__Exercise description__: For this exercise, the lines from the one with "Some examples include" through the final line of the data below are to be transcribed exactly, and pictures are to be skipped.

__Available data__:
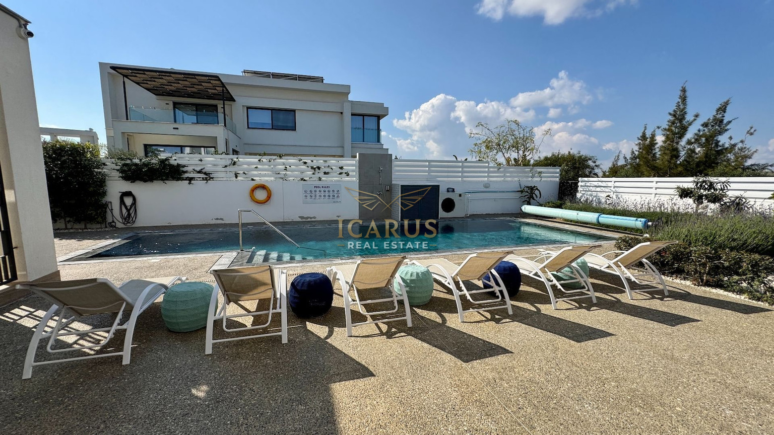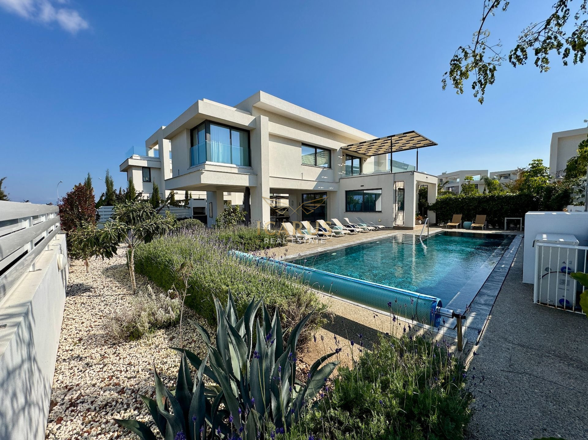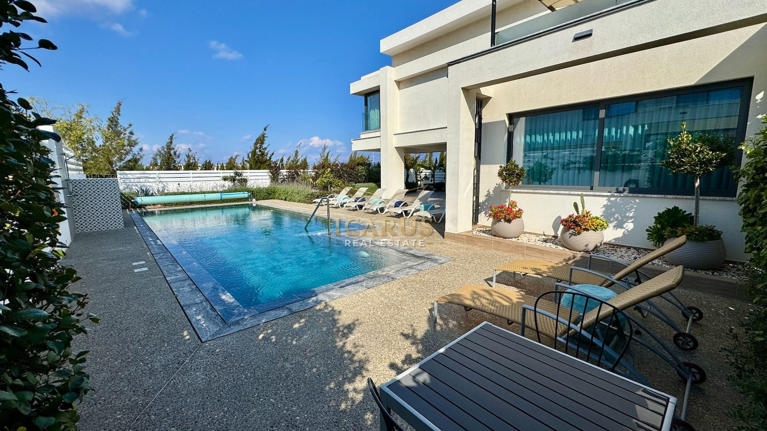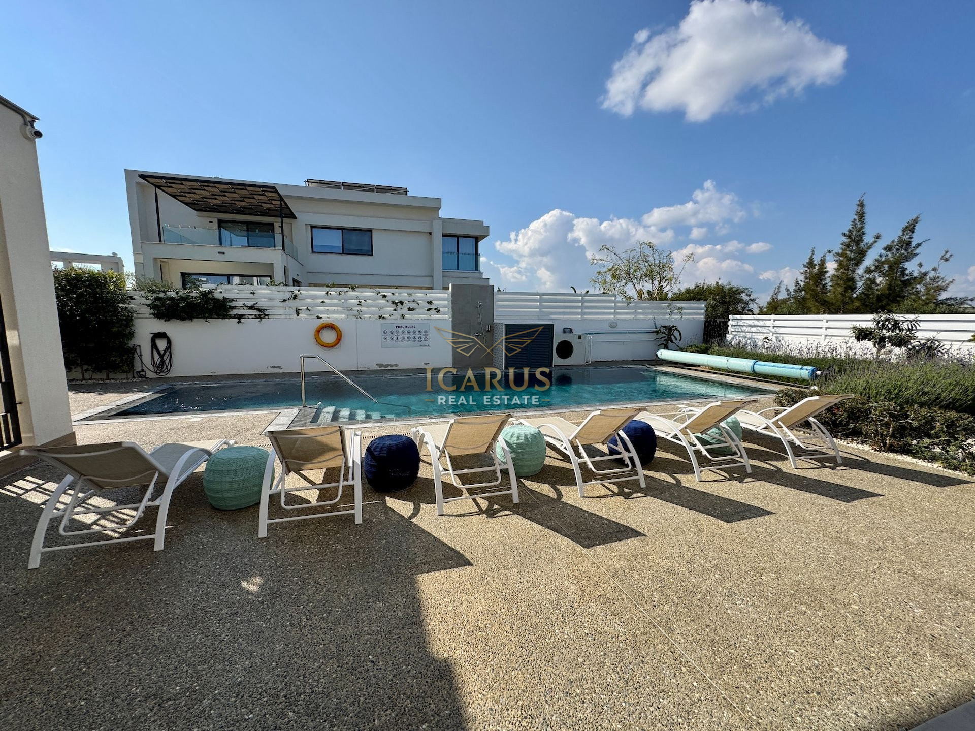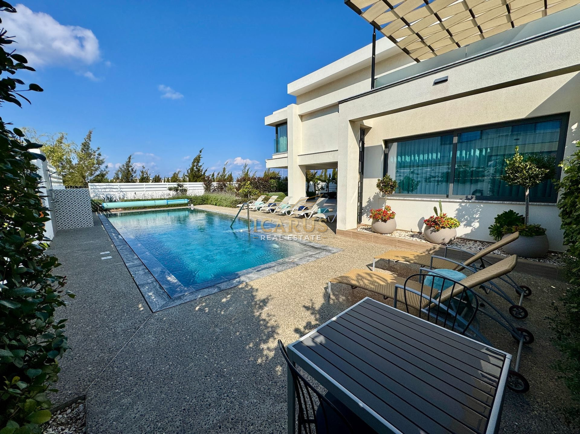 A distinct highlight is its seamless connection to a lush green area at the rear, providing a serene, private retreat. Designed with contemporary sophistication to complement the Mediterranean ambiance, this villa presents both immediate luxury and remarkable potential for further customization and growth.
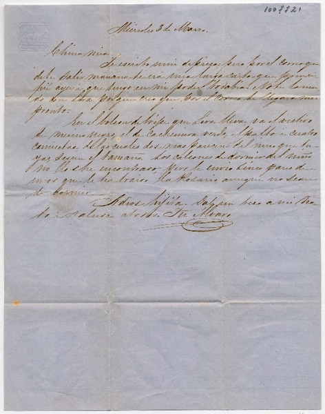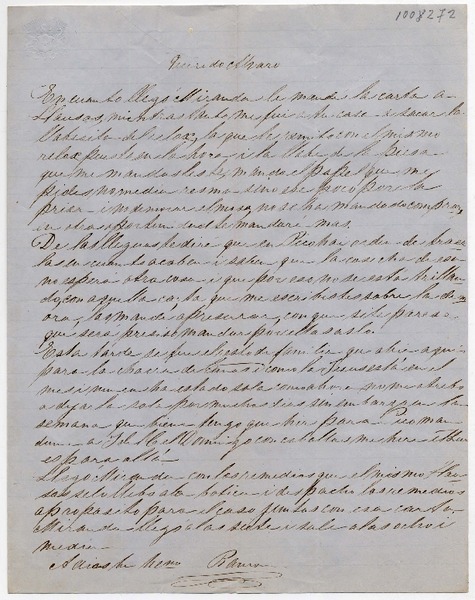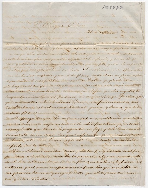 [Carta] 1848 Marzo 21, Santiago [a] Benigna Ortúzar [manuscrito] Alvaro [Covarrubias].
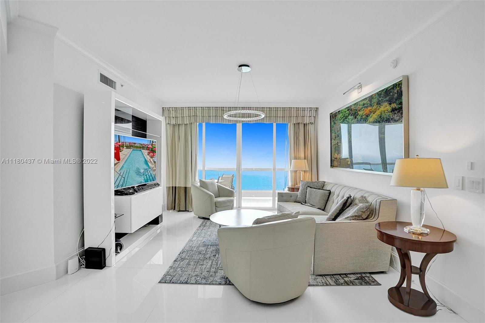 BEACHFRONT! Rarely available 04 model, perfectly situated on the 35th floor at the prized Acqualina Resort & Residences delivers quintessentially elevated living par excellence. This abundantly beautiful refuge in the sky affords a feast for the senses w/ breathtaking ocean, bay & skyline views at every turn. Completely turnkey, the home comes well-appointed w/ everything from a semi-private foyer entry, 2 tantalizing balconies, oversized white porcelain tile flooring w/ mosaic details, light-filled kitchen & bathrooms, quartz countertops, Miele/Subzero appliances, gas range, & professionally selected furnishings. With access to impeccable facilities & a truly divine location, residents enjoy the finest heights of luxurious living. Spa, restaurants, like IL MULINO & MORE.
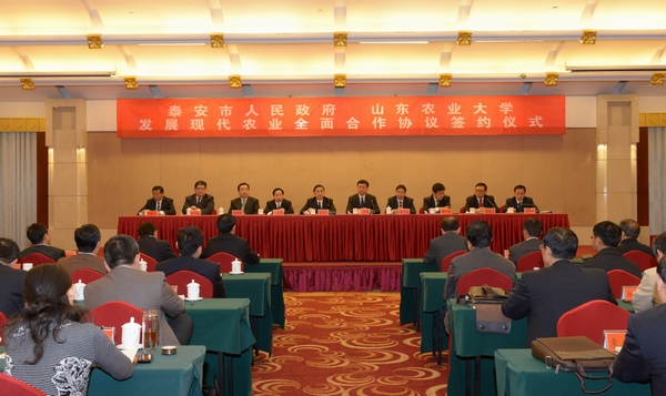 温孚江在签约仪式上致辞。他说,农大的发展,与农大人的辛苦、努力密不可分,更离不开泰安人民的关心和支持。学校与泰安市一直保持着密切的合作关系,学校的专家教授在科技推广服务过程中,与泰安干部群众建立起了鱼水深情。小麦专家余松烈院士致力于小麦精播高产栽培技术研究与示范,尽管近年来年事已高,体弱多病,仍然坚持在泰安推广小麦宽幅播种高产技术。畜牧专家李铁坚老师担任岱岳区科技副区长13年,牵线搭桥,推广科技;退休后,仍然牵挂着岱岳区科技和畜牧业的发展。学校有大量的成果在泰安得到转化和推广示范,于振文院士研究和推广的小麦氮素后移高产栽培技术,在岱岳区创下万亩小麦高产示范片平均亩产679公斤的全国记录。束怀瑞院士针对近年来肥城桃品质下降、效益下滑的现状,用自己的科研经费支持老师们开展肥城桃精品生产技术体系研究与示范,精品果率大幅度提升,经济效益显著提高。董树亭教授推广夏玉米直播晚收高产栽培技术,在岱岳区创下玉米单产1127公斤的北方夏玉米单产纪录。农大在泰安办学的五十多年,泰安市就是教学、科研、实习的基地。此次双方签订的合作协议,涵盖的范围更加宽泛,包括了种植、养殖、林业、水利、农业机械化、农产品加工、生态环境、农村经营管理、农业科技服务等诸多领域。希望学校有关部门与泰安市相关部门和人员,认真抓好落实,充分利用好双方的资源和优势,组织好每一个合作项目的实施,努力办成校地合作的典范。
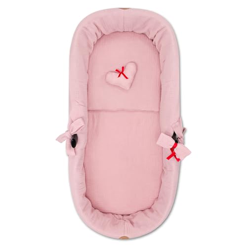 Bassinet Surround Muslin – Baby Crib Accessory for Strollers and Buggies Bassinet Insert Stroller Accessory 3-Piece Set with Pillow and Gondola Insert Pink
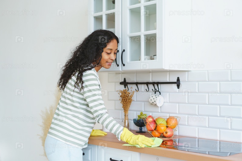 Афроамериканка в резиновых перчатках занята домашними делами на кухне
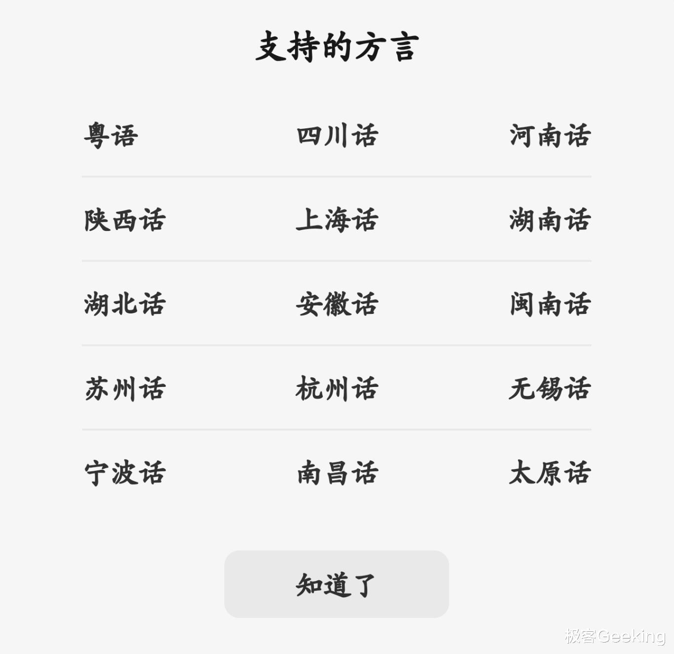 支持中文、英文和多种方言的语音识别,其中方言包括粤语、四川话、河南话、陕西话和上海话等 10 多种。
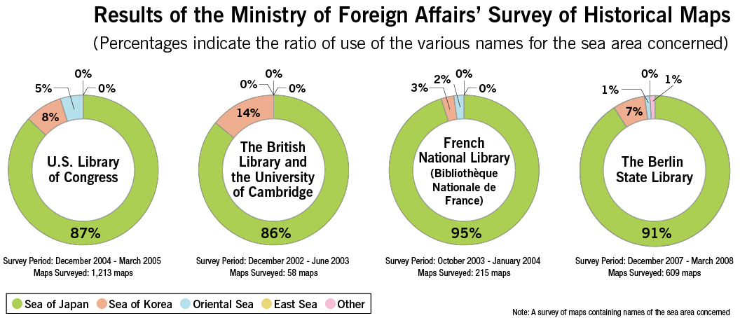 The name “Sea of Japan” is the only internationally established name for the sea area concerned. Japan strongly opposes unfounded arguments concerning the name “Sea of Japan” and is calling for a better understanding of the issue and support for Japan's position from the international community in order to maintain the sole use of the name, “Sea of Japan.”
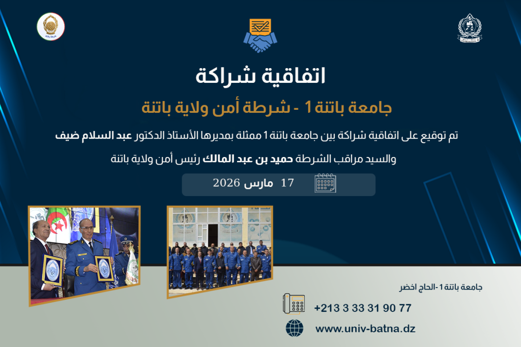 الغرفة الولائية للتجارة والصناعة الأوراس تم امضاء اتفاقية شراكة وتبادل بين جامعة باتنة1 والغرفة الولائية للتجارة والصناعة الأوراس مدتها ثلاث سنوات (2025)
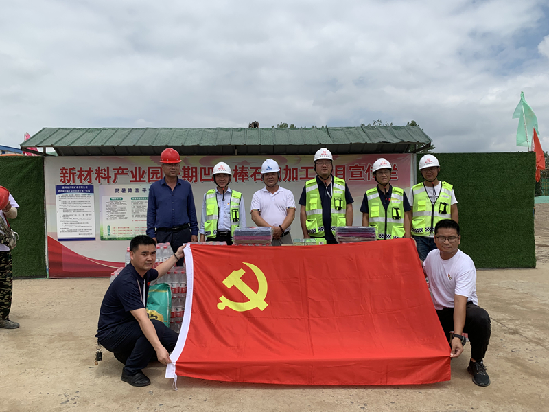 送清涼。6月22日,黨支部書記魏金龍帶領(lǐng)黨員志愿者到凹凸棒加工廠項目部、玄武巖加工廠項目部、環(huán)山道路項目部,為施工一線的黨員職工送去礦泉水、綠豆、西瓜、藿香正氣水等防暑降溫物資。
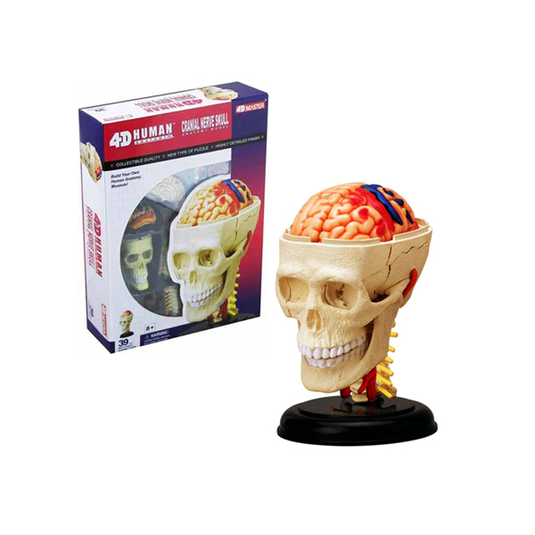 Dissectible in 3 parts, full size, showing important parts of skull and cranial nerves, mounted on base with key card.
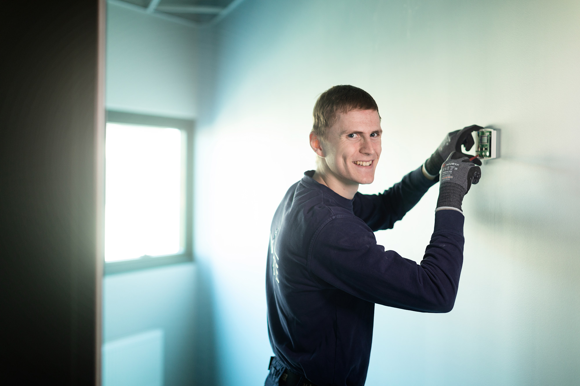 Som lærling var Fredrik med kollegaene ut på oppdrag, både hos bedrifter og privatpersoner. Nå som han har fagbrev, jobber han mer selvstendig. For øyeblikket jobber han på prosjekt; både sammen med andre elektrikere, men også sammen med andre fagfolk som rørleggere og ventilasjonsteknikere.
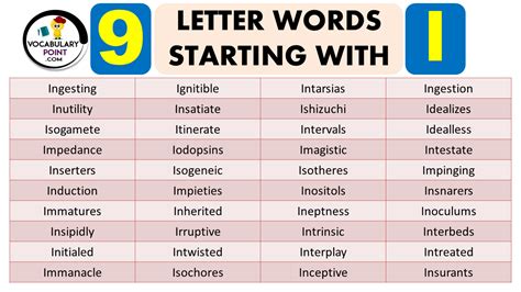 Some examples include ice, igloo, ink, idea, ignite, image, imagination, impressive,. Web words that start with i: Please see our crossword & codeword, words with friends or scrabble word helpers if that's what you're looking for.
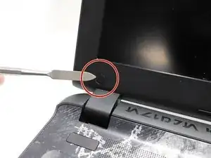 Снимите два круглых пластиковых крышки с винтов, затем открутите два винта длиной 4.5 мм с помощью отвертки Phillips #1.
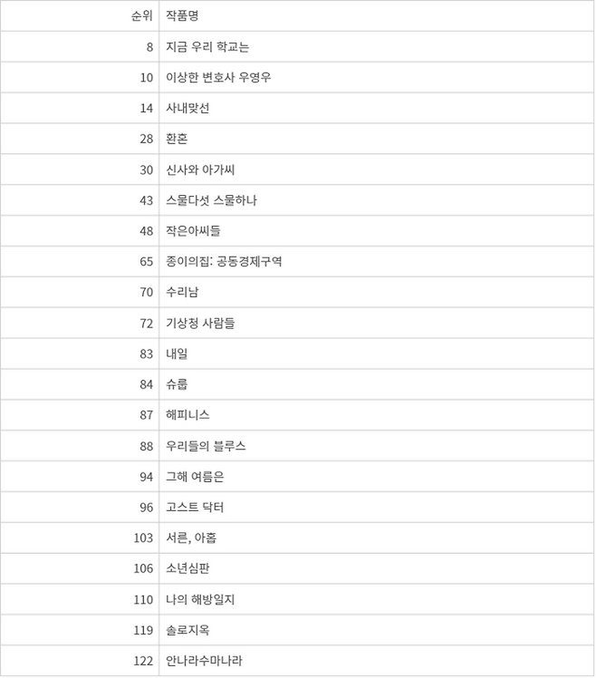 우리나라 작품 중 가장 높은 순위는 1월에 공개된 좀비 학원물 ‘지금 우리 학교는’(8위·이하 지우학)과 6~8월 방영된 휴먼 드라마 ‘이상한 변호사 우영우’(10위·이하 우영우)였다. 지우학은 특히 첫 4주 동안 시청된 누적 시간이 5억6000만 시간을 넘겨, 역대 넷플릭스 비영어권 시리즈물 중 4위로 기록됐다.
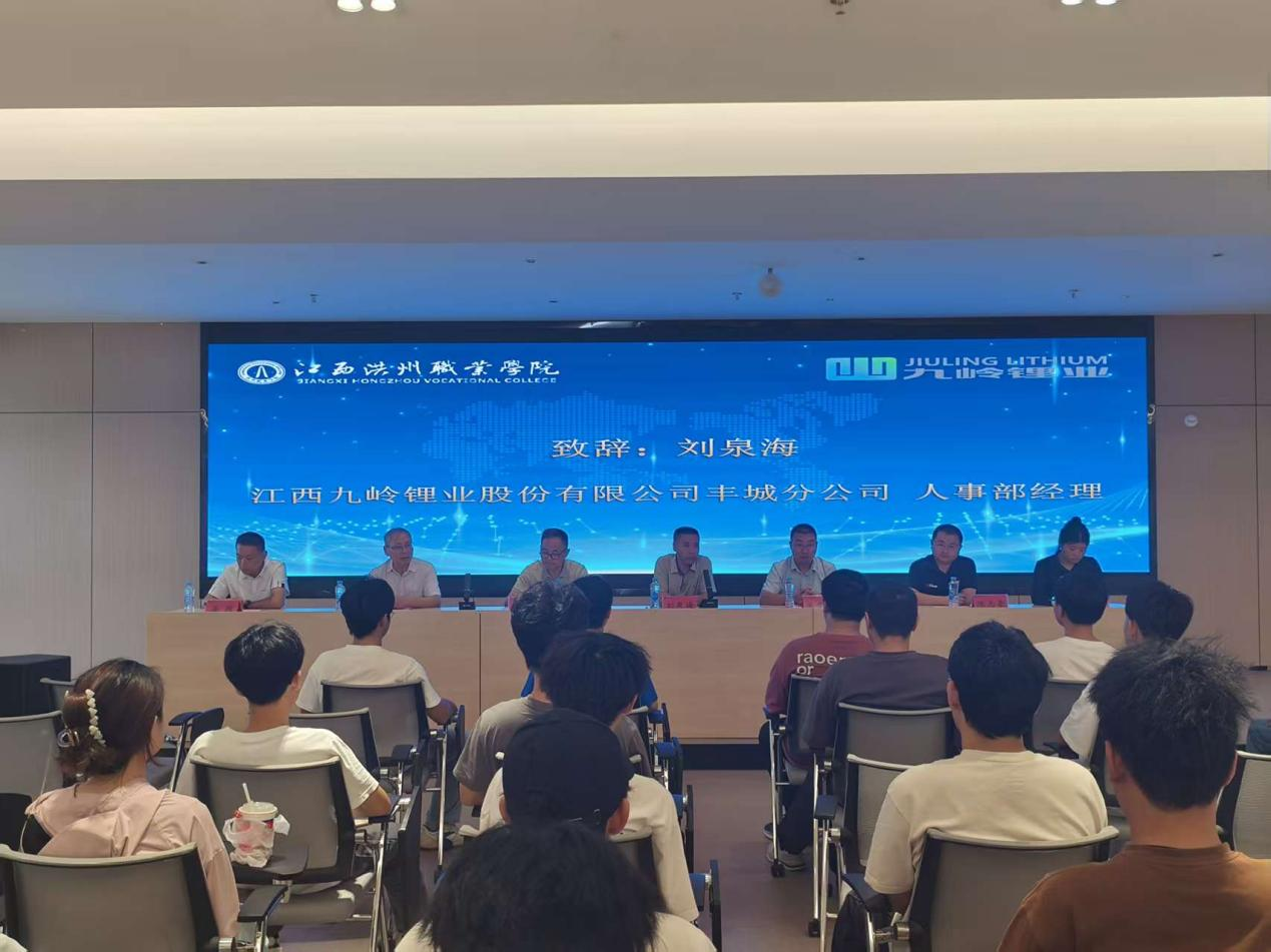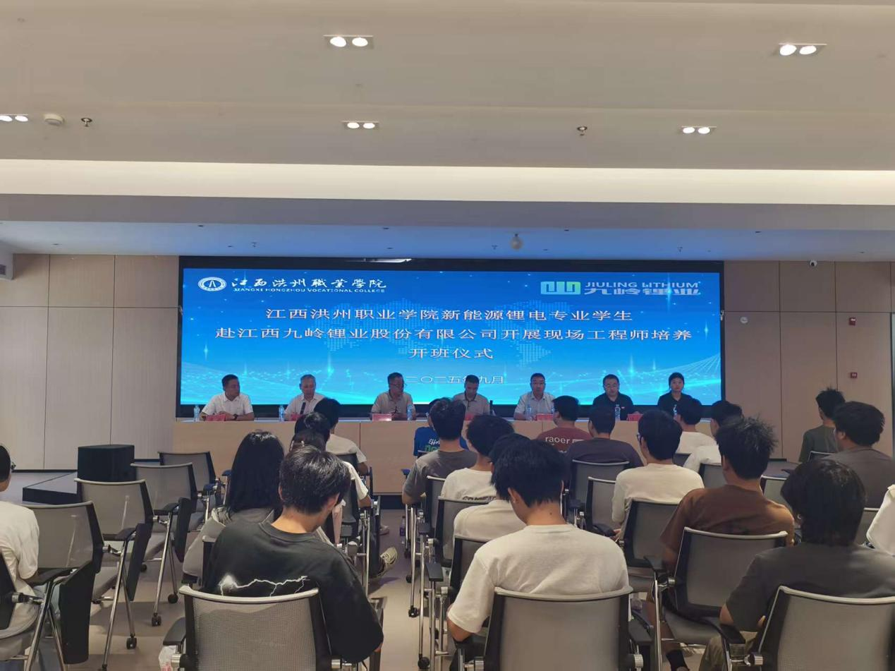 学校副校长关爱国、新能源产业学院院长徐昭,江西九岭锂业股份有限公司丰城分公司人事部经理刘泉海、生产部副经理陈志豪、安环部经理潘颖等校企双方代表以及新能源锂电专业现场工程师班30名学生参加开班仪式。仪式由学校新能源产业学院党总支副书记韩春萌主持。
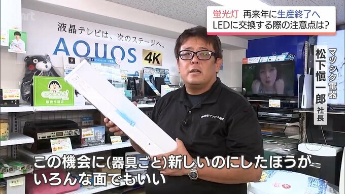 (マツシタ電器・松下愼一郎社長)「一番いいのはやっぱりもう10年以上経っている照明が多いので、この機会に(器具ごと)新しいのにされた方が、いろんな面でもいいのかなと思います」
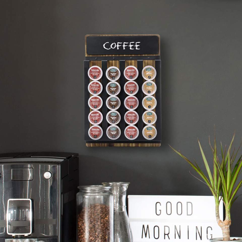 Nombre del producto:Organizador de Cápsulas de Café de Madera Negra para Montaje en Pared
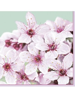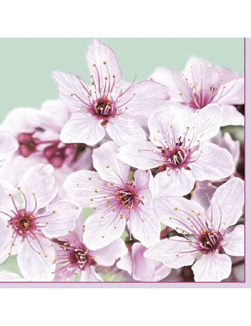 Set 20 servetele Flori de cires, dimensiuni 33 x 33 cm (extins), din 3 straturi de hartie, design care inveseleste orice masa.

__Reply to the exercise__:
 Some examples include ice, igloo, ink, idea, ignite, image, imagination, impressive,. Web words that start with i: Please see our crossword & codeword, words with friends or scrabble word helpers if that's what you're looking for.
 Снимите два круглых пластиковых крышки с винтов, затем открутите два винта длиной 4.5 мм с помощью отвертки Phillips #1.
 우리나라 작품 중 가장 높은 순위는 1월에 공개된 좀비 학원물 ‘지금 우리 학교는’(8위·이하 지우학)과 6~8월 방영된 휴먼 드라마 ‘이상한 변호사 우영우’(10위·이하 우영우)였다. 지우학은 특히 첫 4주 동안 시청된 누적 시간이 5억6000만 시간을 넘겨, 역대 넷플릭스 비영어권 시리즈물 중 4위로 기록됐다.
 学校副校长关爱国、新能源产业学院院长徐昭,江西九岭锂业股份有限公司丰城分公司人事部经理刘泉海、生产部副经理陈志豪、安环部经理潘颖等校企双方代表以及新能源锂电专业现场工程师班30名学生参加开班仪式。仪式由学校新能源产业学院党总支副书记韩春萌主持。
 (マツシタ電器・松下愼一郎社長)「一番いいのはやっぱりもう10年以上経っている照明が多いので、この機会に(器具ごと)新しいのにされた方が、いろんな面でもいいのかなと思います」
 Nombre del producto:Organizador de Cápsulas de Café de Madera Negra para Montaje en Pared
 Set 20 servetele Flori de cires, dimensiuni 33 x 33 cm (extins), din 3 straturi de hartie, design care inveseleste orice masa.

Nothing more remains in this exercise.